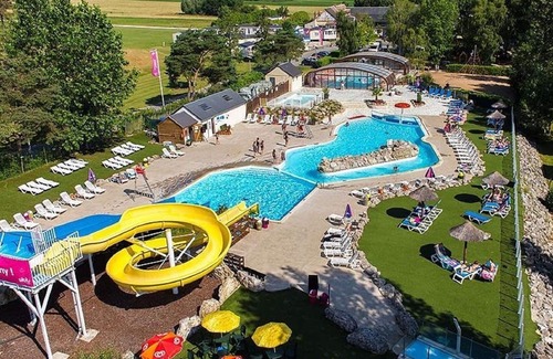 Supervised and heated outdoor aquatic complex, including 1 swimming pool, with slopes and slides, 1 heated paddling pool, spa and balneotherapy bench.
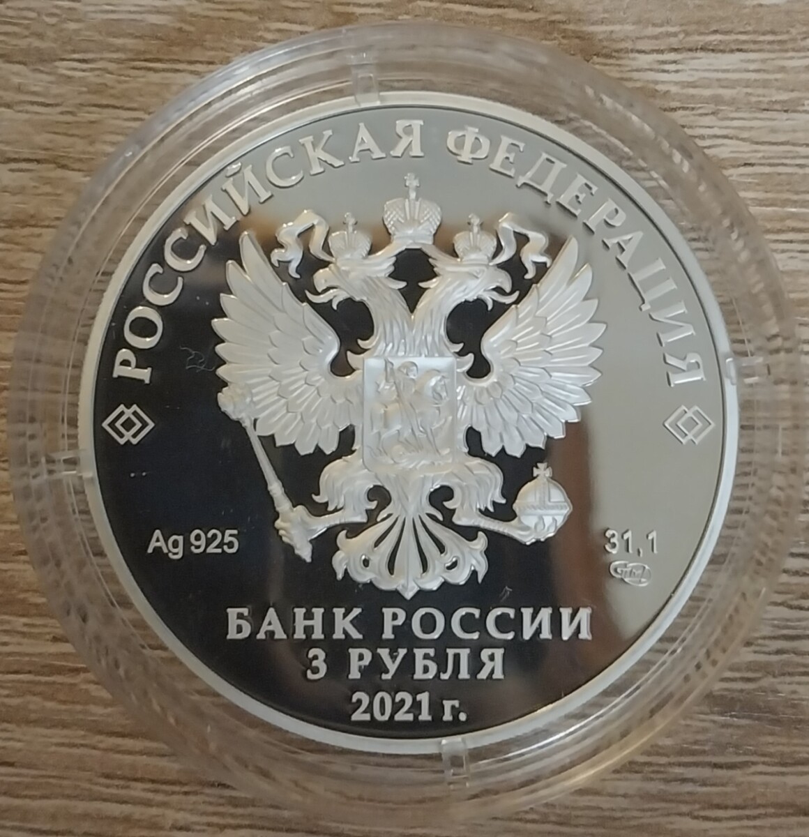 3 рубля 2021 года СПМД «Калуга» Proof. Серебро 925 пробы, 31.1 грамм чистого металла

---

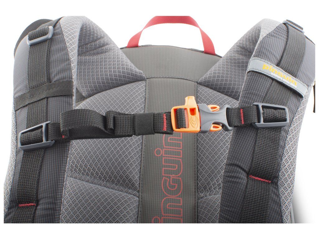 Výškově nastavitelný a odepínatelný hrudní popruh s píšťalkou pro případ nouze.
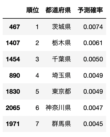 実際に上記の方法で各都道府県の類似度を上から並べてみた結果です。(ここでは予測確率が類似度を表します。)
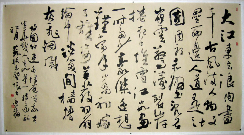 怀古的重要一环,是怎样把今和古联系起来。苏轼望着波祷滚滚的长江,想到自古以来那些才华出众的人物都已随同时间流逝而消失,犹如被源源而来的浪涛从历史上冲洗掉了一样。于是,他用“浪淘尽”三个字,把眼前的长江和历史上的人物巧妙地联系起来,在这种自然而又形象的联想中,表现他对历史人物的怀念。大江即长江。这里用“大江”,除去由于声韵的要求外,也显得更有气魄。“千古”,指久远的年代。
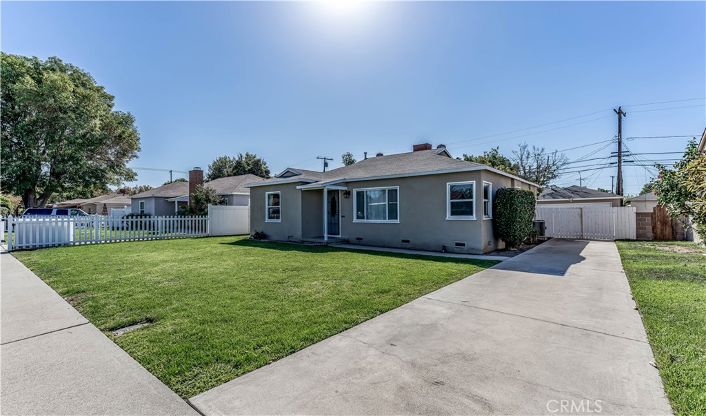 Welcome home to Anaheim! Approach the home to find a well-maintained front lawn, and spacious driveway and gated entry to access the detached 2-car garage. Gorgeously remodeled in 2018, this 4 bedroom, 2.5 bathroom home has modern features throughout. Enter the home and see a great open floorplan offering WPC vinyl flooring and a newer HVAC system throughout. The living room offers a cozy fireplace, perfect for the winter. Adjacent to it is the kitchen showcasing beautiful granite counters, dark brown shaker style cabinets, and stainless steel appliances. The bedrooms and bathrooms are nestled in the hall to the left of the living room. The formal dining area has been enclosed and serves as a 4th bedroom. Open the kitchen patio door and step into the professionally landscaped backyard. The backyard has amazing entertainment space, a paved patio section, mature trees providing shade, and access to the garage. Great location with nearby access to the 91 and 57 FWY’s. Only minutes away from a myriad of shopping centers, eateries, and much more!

Prompt
Here the job is to copy the listing above word for word, starting at the line with "Výškově nastavitelný a" and ending at the line with "怀古的重要一环,是怎样把今和", and to leave out the pictures.

Exercise output
 Výškově nastavitelný a odepínatelný hrudní popruh s píšťalkou pro případ nouze.
 実際に上記の方法で各都道府県の類似度を上から並べてみた結果です。(ここでは予測確率が類似度を表します。)
 怀古的重要一环,是怎样把今和古联系起来。苏轼望着波祷滚滚的长江,想到自古以来那些才华出众的人物都已随同时间流逝而消失,犹如被源源而来的浪涛从历史上冲洗掉了一样。于是,他用“浪淘尽”三个字,把眼前的长江和历史上的人物巧妙地联系起来,在这种自然而又形象的联想中,表现他对历史人物的怀念。大江即长江。这里用“大江”,除去由于声韵的要求外,也显得更有气魄。“千古”,指久远的年代。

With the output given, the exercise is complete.